(YOUR GOAL) Please keep to the lines below from the one with "up Forex Alerts." through the one with "This is a nice", and restate them word for word, ends included.

(EXCERPTED RECORDS)
+++
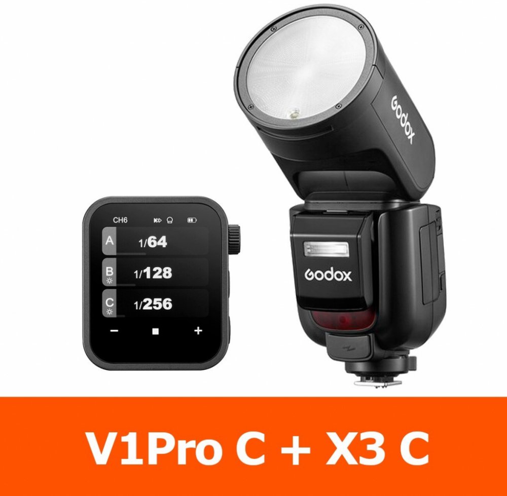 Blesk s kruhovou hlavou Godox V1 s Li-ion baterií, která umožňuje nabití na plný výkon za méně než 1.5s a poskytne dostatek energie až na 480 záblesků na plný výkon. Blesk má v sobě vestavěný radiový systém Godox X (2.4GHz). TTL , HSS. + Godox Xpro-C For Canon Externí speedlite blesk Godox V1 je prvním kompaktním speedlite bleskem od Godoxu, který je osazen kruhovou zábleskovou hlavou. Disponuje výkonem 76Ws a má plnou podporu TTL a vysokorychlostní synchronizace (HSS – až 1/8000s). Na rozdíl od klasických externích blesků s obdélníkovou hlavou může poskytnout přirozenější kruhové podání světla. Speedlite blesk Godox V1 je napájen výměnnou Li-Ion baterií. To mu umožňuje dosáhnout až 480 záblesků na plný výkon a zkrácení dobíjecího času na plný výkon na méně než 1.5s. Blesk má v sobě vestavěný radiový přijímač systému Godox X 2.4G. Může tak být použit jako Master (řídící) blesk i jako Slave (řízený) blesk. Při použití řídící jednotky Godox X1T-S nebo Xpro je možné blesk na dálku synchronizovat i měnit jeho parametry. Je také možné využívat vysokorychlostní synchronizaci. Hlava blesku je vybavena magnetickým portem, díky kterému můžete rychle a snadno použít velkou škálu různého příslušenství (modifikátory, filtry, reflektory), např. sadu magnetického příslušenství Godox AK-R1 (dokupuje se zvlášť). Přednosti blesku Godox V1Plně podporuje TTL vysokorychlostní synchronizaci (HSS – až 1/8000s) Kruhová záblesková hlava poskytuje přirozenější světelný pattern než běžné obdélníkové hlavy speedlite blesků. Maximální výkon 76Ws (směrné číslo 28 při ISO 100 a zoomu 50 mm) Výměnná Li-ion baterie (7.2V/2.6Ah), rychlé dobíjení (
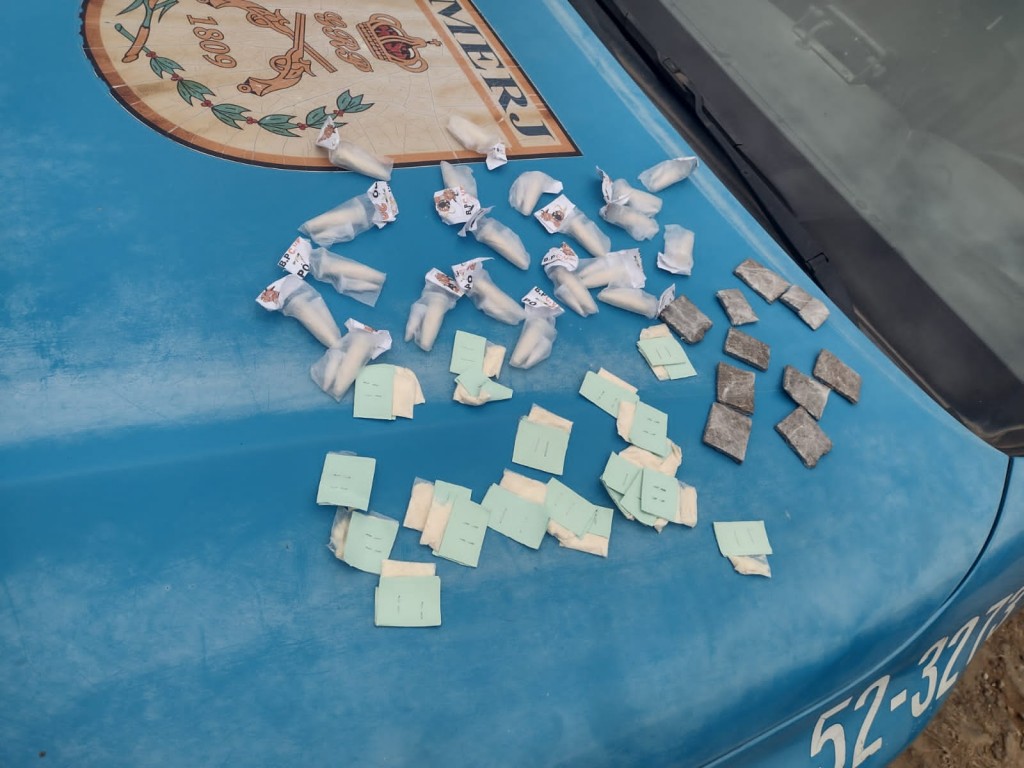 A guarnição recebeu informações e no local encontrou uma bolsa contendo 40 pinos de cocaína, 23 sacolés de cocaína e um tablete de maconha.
+++
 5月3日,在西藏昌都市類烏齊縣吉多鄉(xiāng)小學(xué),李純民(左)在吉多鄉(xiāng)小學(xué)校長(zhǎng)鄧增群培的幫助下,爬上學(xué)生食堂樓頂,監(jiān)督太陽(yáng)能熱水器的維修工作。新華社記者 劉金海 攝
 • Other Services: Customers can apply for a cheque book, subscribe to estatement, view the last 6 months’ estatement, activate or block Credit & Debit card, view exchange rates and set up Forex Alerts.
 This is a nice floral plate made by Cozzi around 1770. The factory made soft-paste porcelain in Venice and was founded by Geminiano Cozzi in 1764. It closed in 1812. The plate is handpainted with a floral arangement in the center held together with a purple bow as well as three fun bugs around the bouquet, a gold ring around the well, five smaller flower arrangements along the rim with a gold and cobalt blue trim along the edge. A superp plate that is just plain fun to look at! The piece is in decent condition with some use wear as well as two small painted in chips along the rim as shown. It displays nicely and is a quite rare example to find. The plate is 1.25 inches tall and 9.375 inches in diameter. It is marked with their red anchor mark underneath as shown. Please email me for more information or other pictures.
+++
(RESPONSE)
 • Other Services: Customers can apply for a cheque book, subscribe to estatement, view the last 6 months’ estatement, activate or block Credit & Debit card, view exchange rates and set up Forex Alerts.
 This is a nice floral plate made by Cozzi around 1770. The factory made soft-paste porcelain in Venice and was founded by Geminiano Cozzi in 1764. It closed in 1812. The plate is handpainted with a floral arangement in the center held together with a purple bow as well as three fun bugs around the bouquet, a gold ring around the well, five smaller flower arrangements along the rim with a gold and cobalt blue trim along the edge. A superp plate that is just plain fun to look at! The piece is in decent condition with some use wear as well as two small painted in chips along the rim as shown. It displays nicely and is a quite rare example to find. The plate is 1.25 inches tall and 9.375 inches in diameter. It is marked with their red anchor mark underneath as shown. Please email me for more information or other pictures.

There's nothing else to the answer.